*Data records*
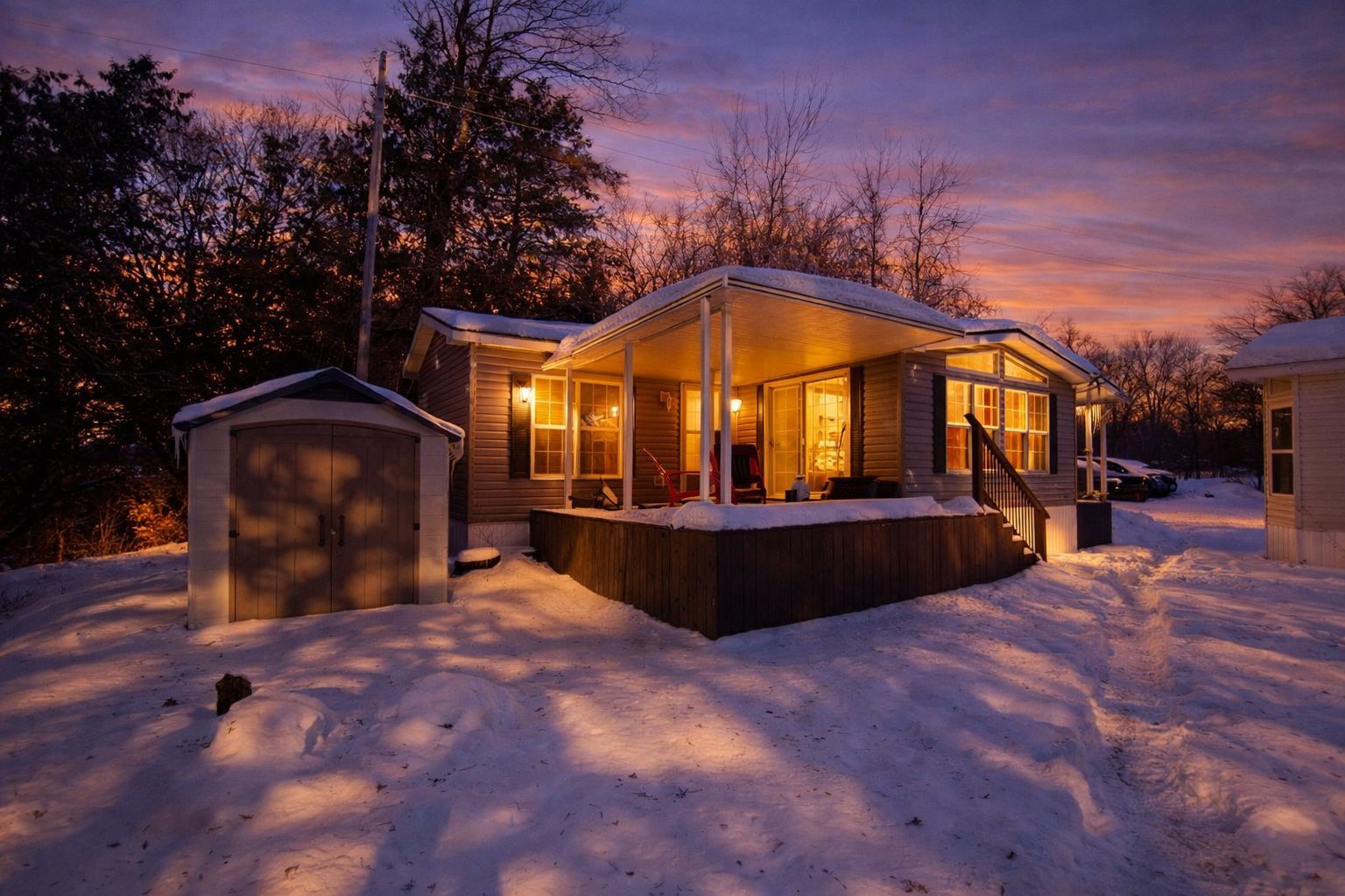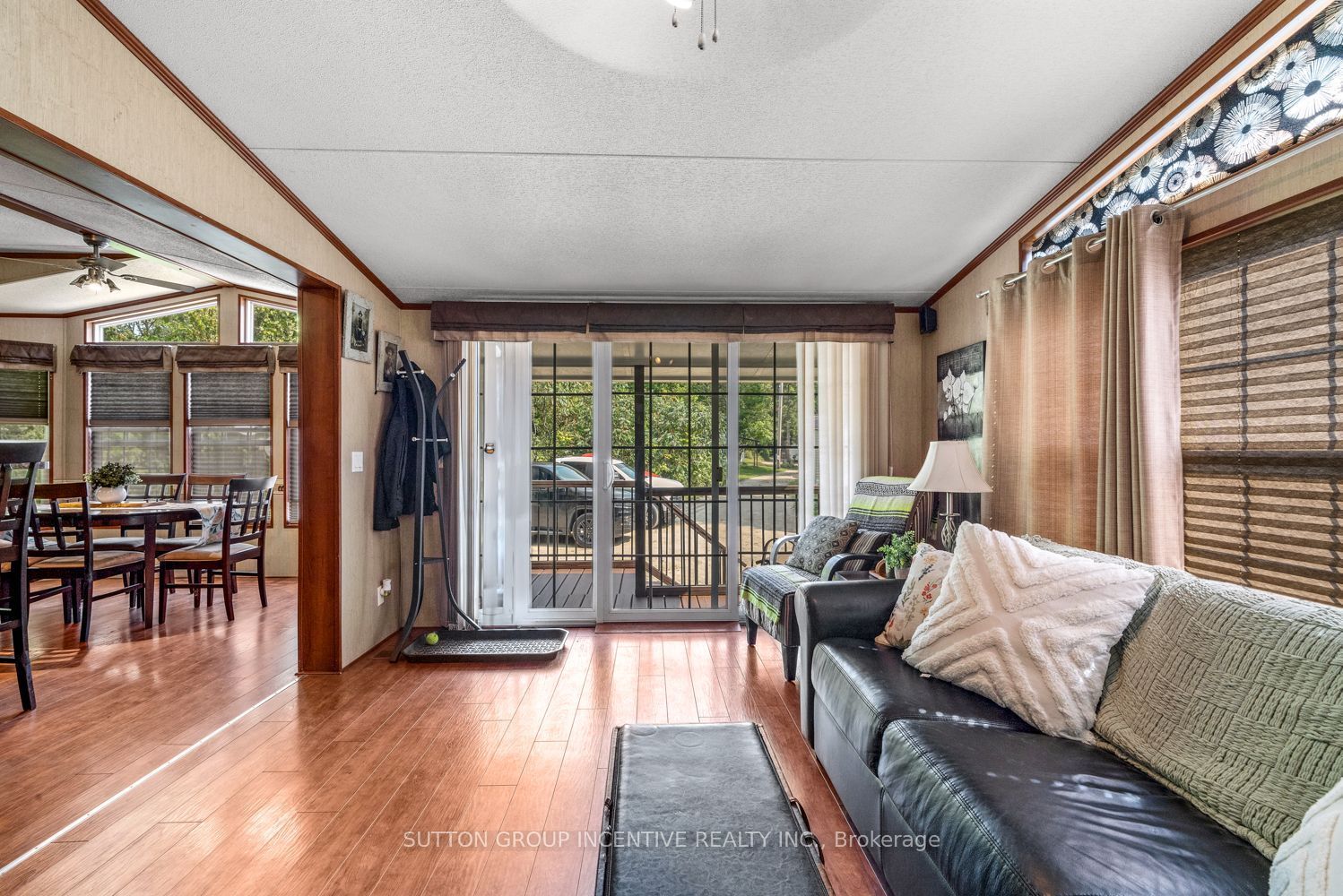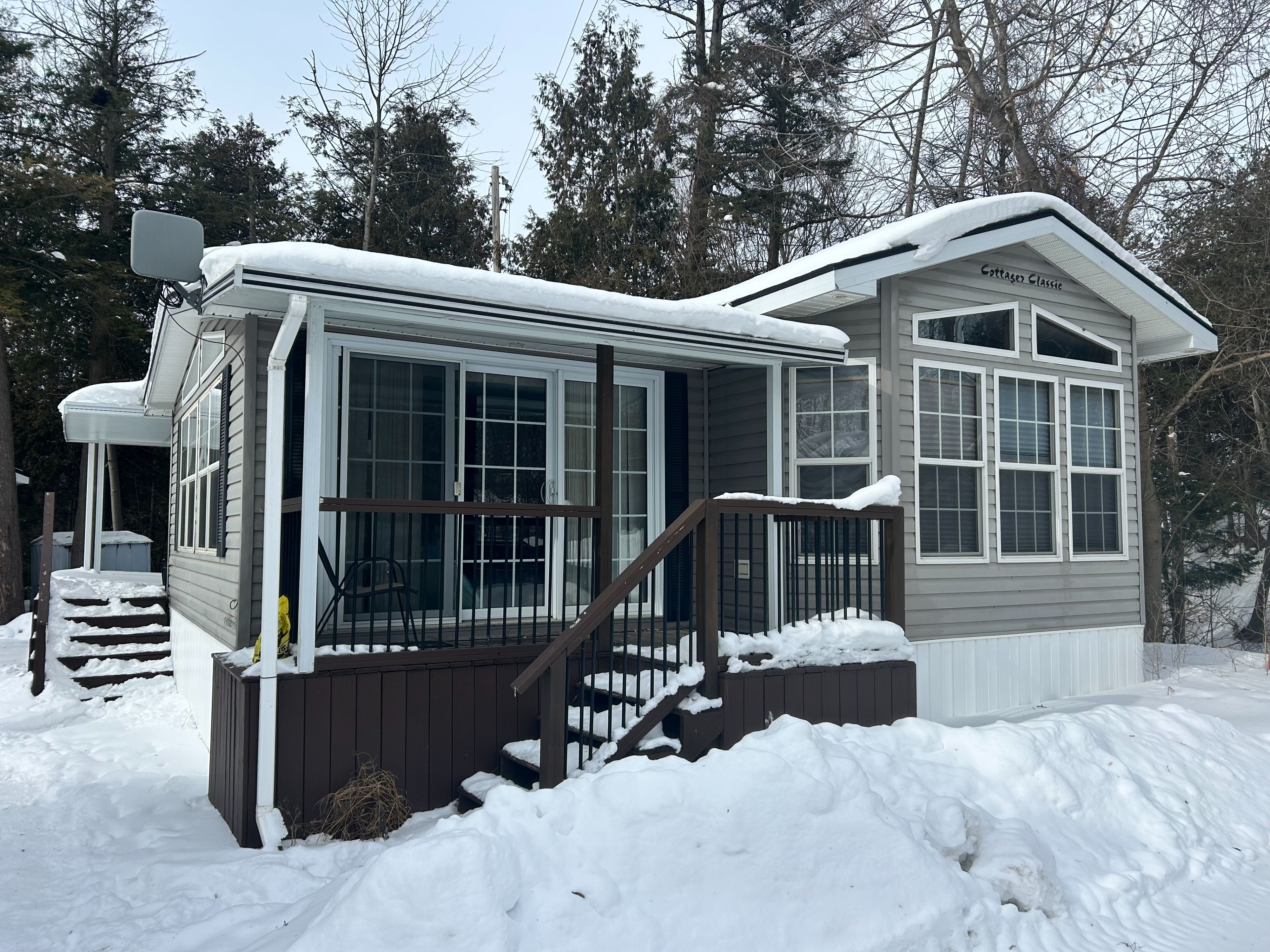 Welcome to rolling acres campground, a peaceful community ideally located between charming cookstown and growing alliston. This inviting modular home offers comfortable, accessible living in a serene natural setting. Inside, you'll find a spacious full-size eat-in kitchen designed for everyday ease and functionality, along with a thoughtfully laid-out interior that prioritizes accessibility throughout. The generous primary bedroom easily accommodates a king-size bed, creating a comfortable and relaxing retreat. All existing furnishings can be included, allowing for a seamless move-in experience. The home is serviced with reliable 30-amp electrical service to meet your needs. Step outside to enjoy the large covered back porch, perfect for relaxing or entertaining, while the expansive lot beside a tranquil ravine provides added privacy and a beautiful backdrop. Combining comfort, convenience, and a scenic location, this property is a wonderful opportunity for affordable year-round living in rolling acres campground.
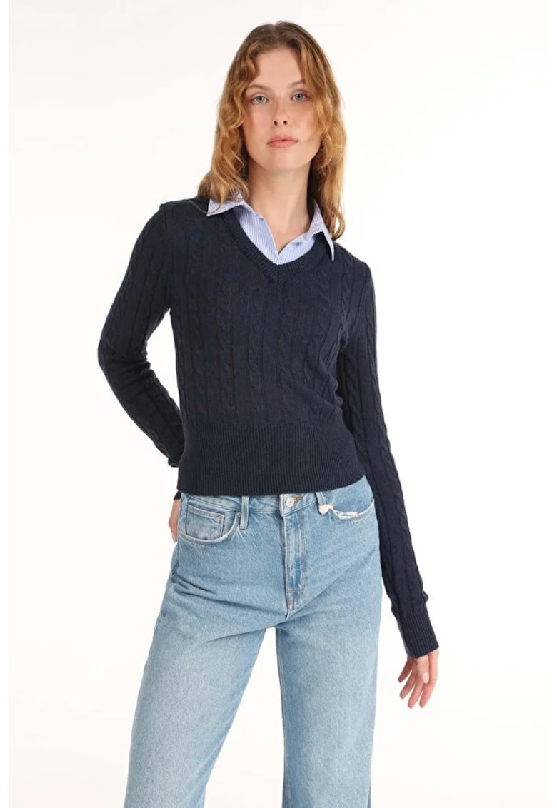 Pulover De Dama Albastru Marin Regular Fit 8683197801982
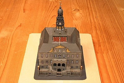 Het stadhuis doet met zijn zware architectuur een beetje on-Maaslands aan. Het was dan ook vooral bedoeld als illustratie van de (Hollandse) ´Gouden Eeuw´. De buitenkant is rijk versierd, maar doet nog eenvoudig aan vergeleken met het interieur van het bestuurspaleis.
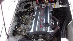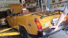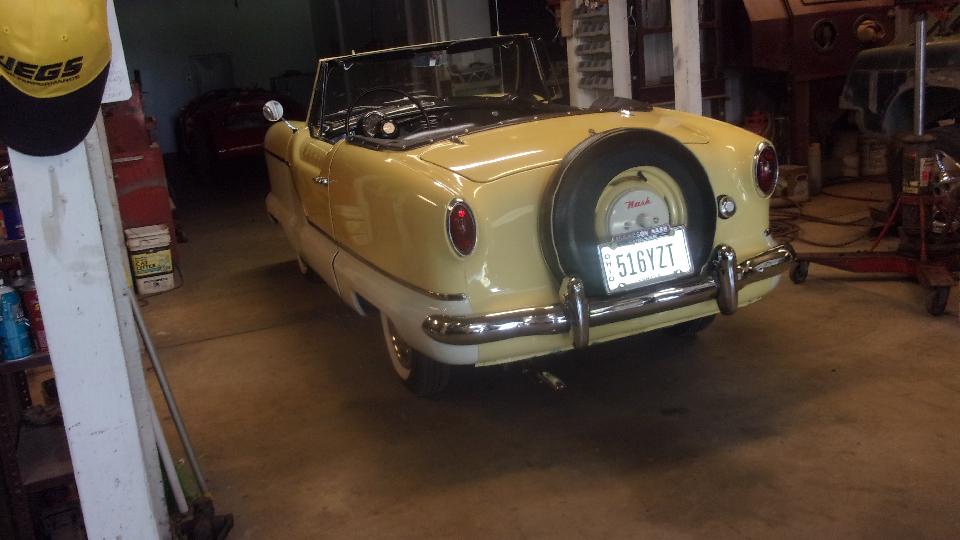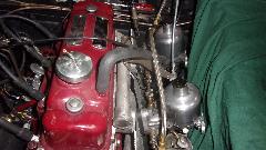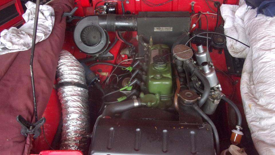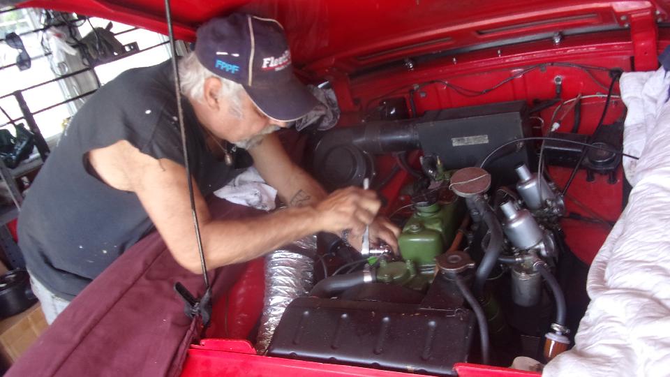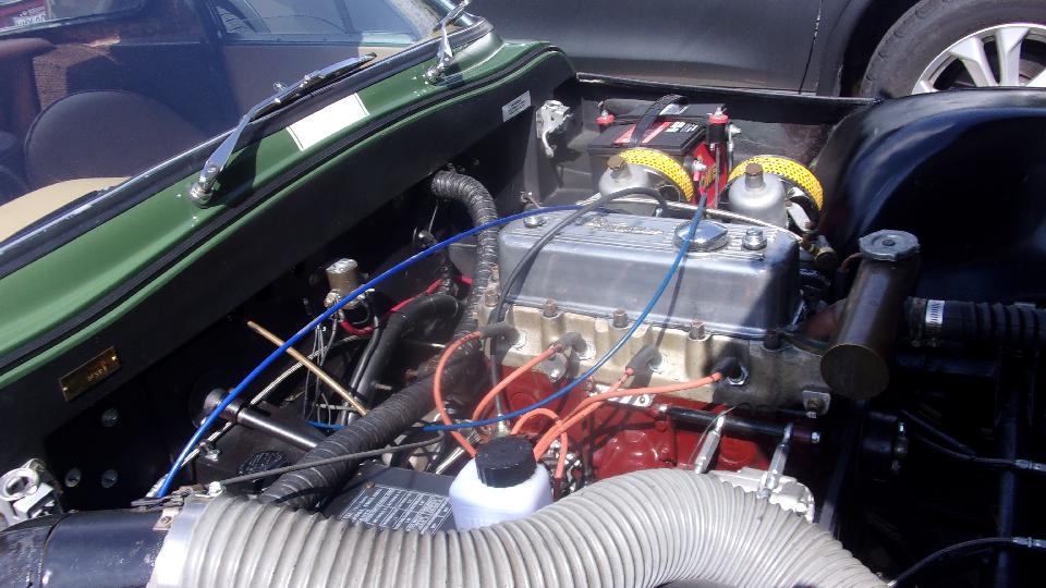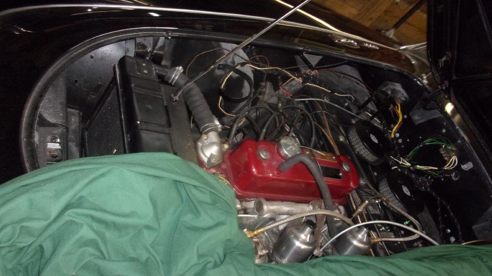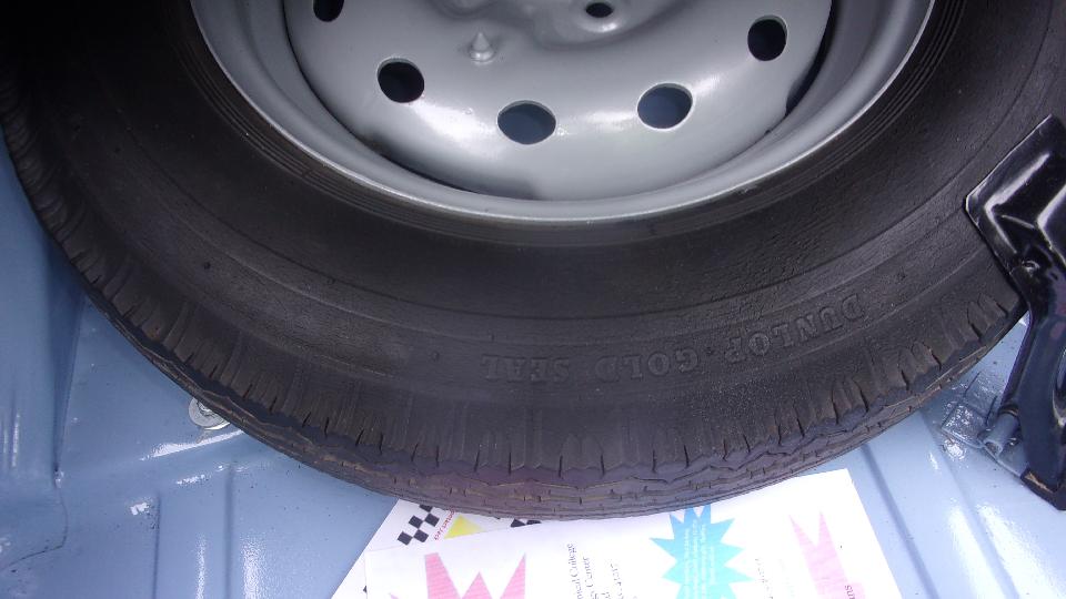 Now that car is finished, and I got to tweak the carburetors a bit. Quaint that he kept one of the original Dunlop Gold Seal tires in the boot for the emergency spare. I think this is the original tonneau cover still in good condition.
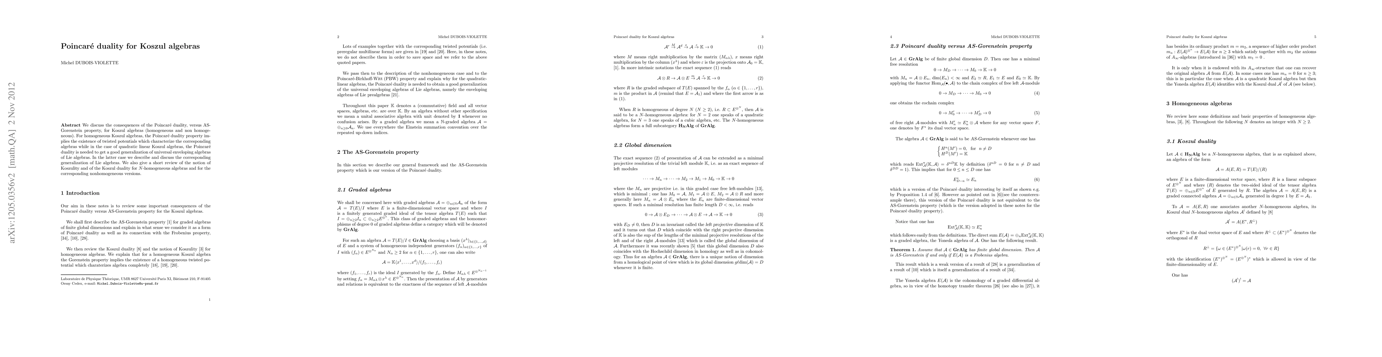 We discuss the consequences of the Poincar\'e duality, versus AS- Gorenstein property, for Koszul algebras (homogeneous and non homogeneous). For homogeneous Koszul algebras, the Poincar\'e duality property implies the existence of twisted potentials which characterize the corresponding algebras while in the case of quadratic linear Koszul algebras, the Poincar\'e duality is needed to get a good generalization of universal enveloping algebras of Lie algebras. In the latter case we describe and discuss the corresponding generalization of Lie algebras. We also give a short review of the notion of Koszulity and of the Koszul duality for N-homogeneous algebras and for the corresponding nonhomogeneous versions.

*WHAT THE TASK ASKS*
Print every entry exactly; omit the pictures.

*ANSWER TO THE EXERCISE*
 Welcome to rolling acres campground, a peaceful community ideally located between charming cookstown and growing alliston. This inviting modular home offers comfortable, accessible living in a serene natural setting. Inside, you'll find a spacious full-size eat-in kitchen designed for everyday ease and functionality, along with a thoughtfully laid-out interior that prioritizes accessibility throughout. The generous primary bedroom easily accommodates a king-size bed, creating a comfortable and relaxing retreat. All existing furnishings can be included, allowing for a seamless move-in experience. The home is serviced with reliable 30-amp electrical service to meet your needs. Step outside to enjoy the large covered back porch, perfect for relaxing or entertaining, while the expansive lot beside a tranquil ravine provides added privacy and a beautiful backdrop. Combining comfort, convenience, and a scenic location, this property is a wonderful opportunity for affordable year-round living in rolling acres campground.
 Pulover De Dama Albastru Marin Regular Fit 8683197801982
 Het stadhuis doet met zijn zware architectuur een beetje on-Maaslands aan. Het was dan ook vooral bedoeld als illustratie van de (Hollandse) ´Gouden Eeuw´. De buitenkant is rijk versierd, maar doet nog eenvoudig aan vergeleken met het interieur van het bestuurspaleis.
 Now that car is finished, and I got to tweak the carburetors a bit. Quaint that he kept one of the original Dunlop Gold Seal tires in the boot for the emergency spare. I think this is the original tonneau cover still in good condition.
 We discuss the consequences of the Poincar\'e duality, versus AS- Gorenstein property, for Koszul algebras (homogeneous and non homogeneous). For homogeneous Koszul algebras, the Poincar\'e duality property implies the existence of twisted potentials which characterize the corresponding algebras while in the case of quadratic linear Koszul algebras, the Poincar\'e duality is needed to get a good generalization of universal enveloping algebras of Lie algebras. In the latter case we describe and discuss the corresponding generalization of Lie algebras. We also give a short review of the notion of Koszulity and of the Koszul duality for N-homogeneous algebras and for the corresponding nonhomogeneous versions.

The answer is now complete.